Other technologies add a potentially helpful layer of human interaction, like Kintsugi, a Berkeley, California-based company that raised $20 million in Series A funding earlier this month. Kintsugi is named after the Japanese practice of repairing broken pottery with veins of gold.

Kintsugi was founded by Grace Chang and Rima Seiilova-Olson, who connected through shared past experiences fighting for access to mental health care. Kintsugi develops technology for telemedicine and call center providers that can help them identify patients who might benefit from further support.

For example, using Kintsugi’s speech analysis program, a nurse could be asked to take an extra minute to ask a distressed parent with a colicky infant about their own well-being.

One issue with developing these types of machine learning technologies is the problem of bias — ensuring programs work the same for all patients, regardless of age, gender, race, nationality, and other demographics.

“For machine learning models to work well, you really need a very large and diverse and robust data set,” Ms Chang said, noting that Kintsugi used voice recordings from around the world in many different languages ​​to guard against this problem in particular.

Another major concern in this burgeoning field is privacy — particularly voice data that can be used to identify individuals, said Dr. Bentley.

And even if patients consent to the recording, the question of consent sometimes arises. In addition to assessing a patient’s mental health, some speech analysis programs use the recordings to develop and refine their own algorithms.

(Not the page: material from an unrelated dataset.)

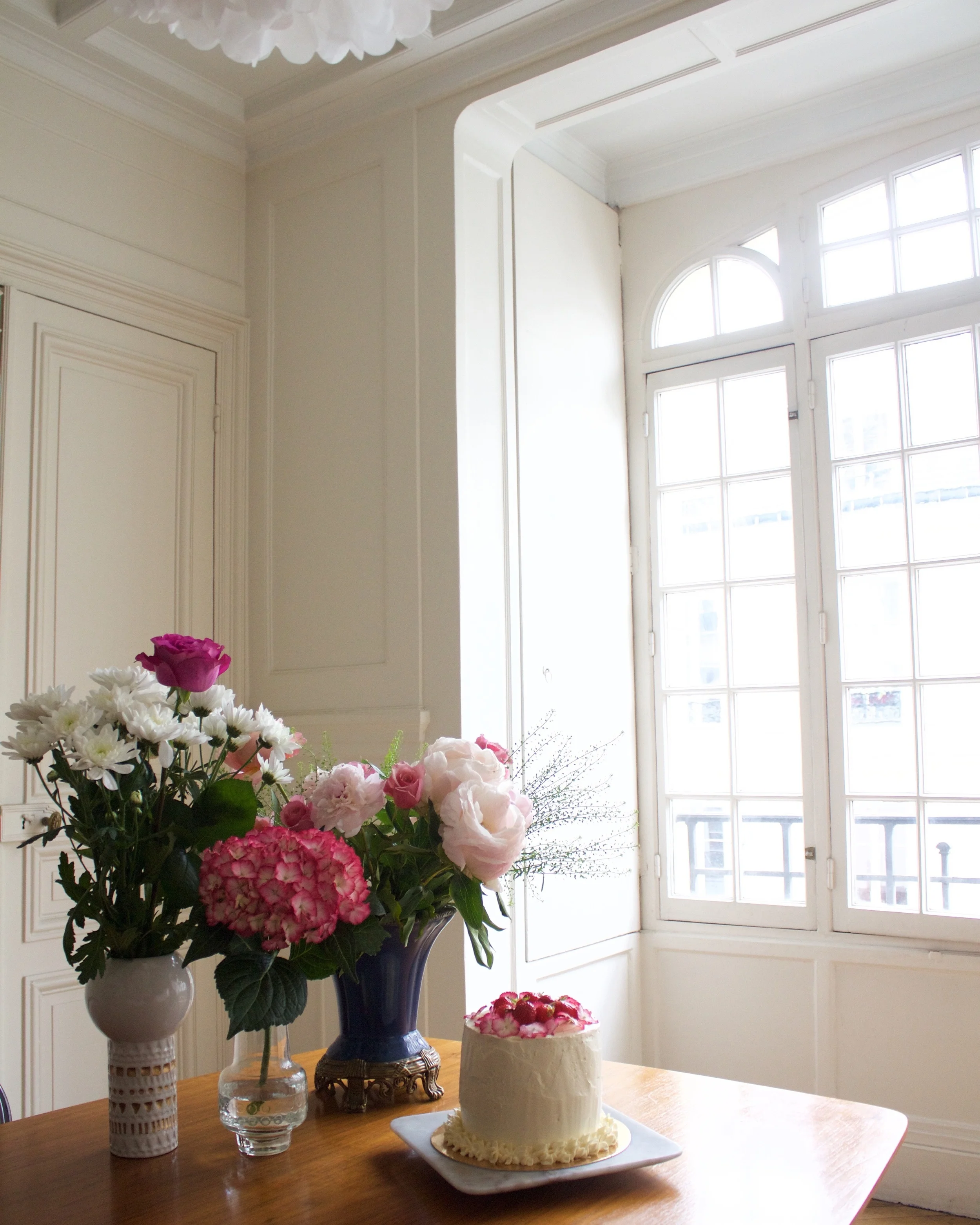 Summer has been in short supply this month in Paris. Luckily our farmers markets have been a bright reprieve with baskets of overflowing summer berries. Since moving here nearly four years ago I have tried with great pleasure to distinguish between all the different types of strawberries on offer. Varieties you might see include gariguette, mara des bois, anaïs and my personal favorite, lovely little fraise des bois. Each variety is slightly different in flavor and fragrance. I've paired some of them with rhubarb for a wonderful compote, making for an excellent cake filling, while others were used as a simple yet elegant garnish atop a frosted layer cake. Most recently I tried my hand at the classic Victoria Sponge which calls for a layer of strawberry jam sandwiched between two light as air sponge cakes and fresh whipped cream., Heavenly!

Another challenge, said Dr. Bentley, is consumers’ potential distrust of machine learning and so-called black-box algorithms, which work in ways that even the developers themselves can’t fully explain, specifically what features they use to make predictions.

“It’s about creating the algorithm and it’s about understanding the algorithm,” said Dr. Alexander S. Young, interim director of the Semel Institute for Neuroscience and Human Behavior and Chair of Psychiatry at the University of California, Los Angeles, echoed the concerns many researchers have about AI and machine learning in general: that during the training phase of the program there is little, if any, human oversight.

For now, Dr. Young cautiously optimistic about the potential of voice analysis technologies, particularly as a tool for patient self-monitoring.

“I think you can model people’s mental health, or approximate their mental health in general,” he said. “People would like to be able to monitor their own status, especially with chronic diseases.”

But before automated speech analysis technologies enter the mainstream, some require rigorous testing of their accuracy.

“We really need more validation of not only language technology, but also AI and machine learning models built on top of other data streams,” said Dr. Bentley. “And we need to achieve that validation through large-scale, well-designed representative studies.”

Until then, AI-powered speech analysis technology remains a promising but untested tool that may be an everyday way to take the temperature of our mental well-being.